Transcription factors (TFs) are regulatory proteins that bind specific sequence motifs in the genome to activate or repress transcription of target genes. Chromatin immunoprecipitation followed by sequencing (ChIP-seq) is the most commonly used experimental technique to profile genome-wide, protein-DNA binding maps. However, the in vivo binding landscapes of TFs vary across different cellular contexts and TFs. While the number of in vivo TF-binding datasets continue to grow, it is still not possible to perform TF ChIP-seq assays for every expressed TF against all cell types/tissues under all possible physiological conditions.

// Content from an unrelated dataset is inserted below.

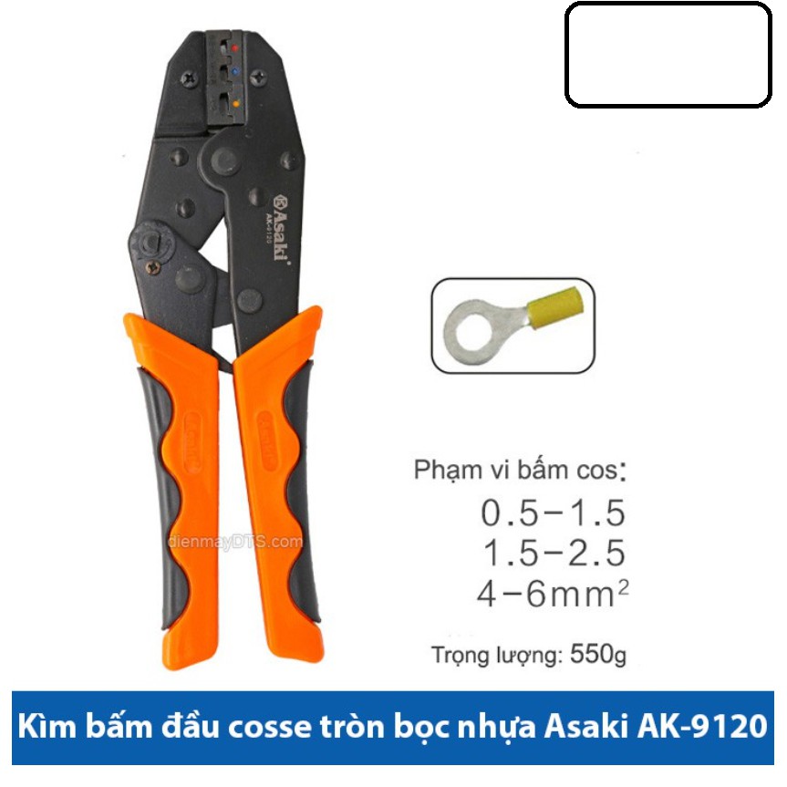 - Kìm bấm cos tròn bọc nhựa 0.5 -> 6.0mm2 Asaki AK-9120

Hence, accurate and high-resolution computational approaches are necessary to close this gap and complement experimental results.
Several computational approaches have been used to model the in vitro sequence affinity of TFs ranging from simple position weight matrices (PWMs) to more complex representations capturing higher-order positional interactions of nucleotides. However, computational models that rely only on sequence are generally inadequate to accurately predict context-specific TF binding maps as they fail to model several context-specific factors beyond the intrinsic DNA sequence affinity of the TF and the local sequence context such as TF concentration, cooperation and competition with other TFs and nucleosomes, local chromatin state and distal regulatory interactions. More recently, the DNase-seq assay was developed to obtain genome-wide maps of chromatin accessibility by leveraging the DNase I enzyme that preferentially cleaves accessible chromatin bound by TFs. New computational approaches that integrate DNA sequence with chromatin accessibility data are now capable of predicting context-specific TF-DNA binding maps. However, differences in data processing, selection of negative background and evaluation measures have confounded performance comparison of these methods.
The goal of the ENCODE-DREAM in vivo Transcription Factor Binding Site Prediction Challenge is twofold:
1. We aim to identify the best performing model for predicting positional in vivo TF binding maps across cell types and tissues.
2. The results of the challenge will represent a systematic benchmarking and comparison of such computational methods and will be used for both assessing the current state of the field and for future method development.